* Records drawn from a dataset
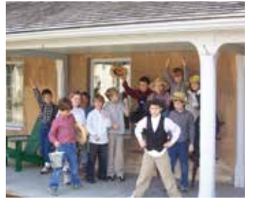
اوکریج فارم پر آئرلینڈ ہاؤس
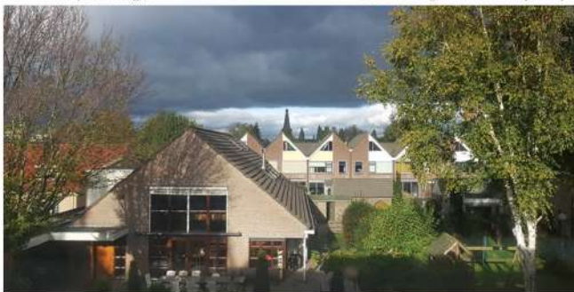
Uitzicht op het Grote Huis en de binnentuin
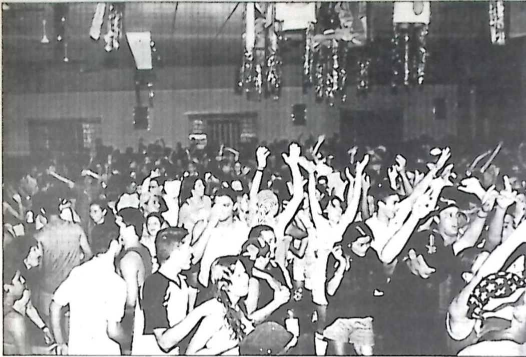
Os destaques e alguns flagrantes do Carnaval no Clube, na Página-12
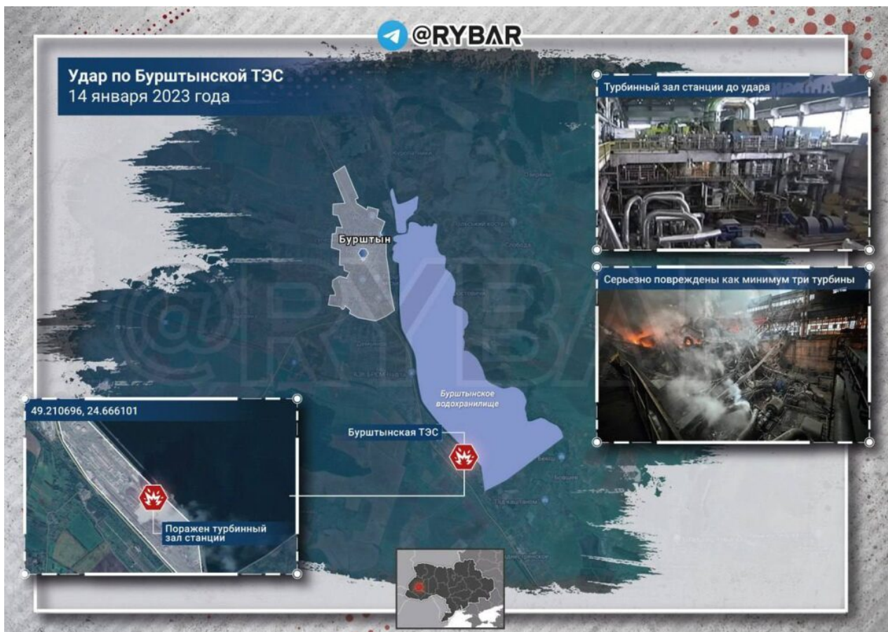
Foto: Burštýnská tepelná elektrárna po ruském raketovém útoku na turbíny . Mimochodem tato elektrárna dodávala elektřinu do EU v rámci tzv. Burštýnského elektrárenského ostrova. Cílem projektu bylo vyrábět elektřinu v době, kdy jí je v EU nedostatek.

Tuto analýzu jsem napsal díky zuřivému ryku pražské kavárny na Babiše, kvůli jeho nejnovějším plakátům, jak jsem psal v úvodu. Osobně jsou mi nesympatičtí oba. Chci ovšem mír, aby moje děti a vnoučata měli jistotu, že nepadnou v nějaké nesmyslné válce, a nebo jim Iskander nepřistane na hlavě. Tak se mějte a držte míru palce!

* Description of the task
Your answer should consist of the lines from the line with "Foto: Burštýnská tepelná" through the last line of the data, set down exactly, both included.

* Output for this task
Foto: Burštýnská tepelná elektrárna po ruském raketovém útoku na turbíny . Mimochodem tato elektrárna dodávala elektřinu do EU v rámci tzv. Burštýnského elektrárenského ostrova. Cílem projektu bylo vyrábět elektřinu v době, kdy jí je v EU nedostatek.

Tuto analýzu jsem napsal díky zuřivému ryku pražské kavárny na Babiše, kvůli jeho nejnovějším plakátům, jak jsem psal v úvodu. Osobně jsou mi nesympatičtí oba. Chci ovšem mír, aby moje děti a vnoučata měli jistotu, že nepadnou v nějaké nesmyslné válce, a nebo jim Iskander nepřistane na hlavě. Tak se mějte a držte míru palce!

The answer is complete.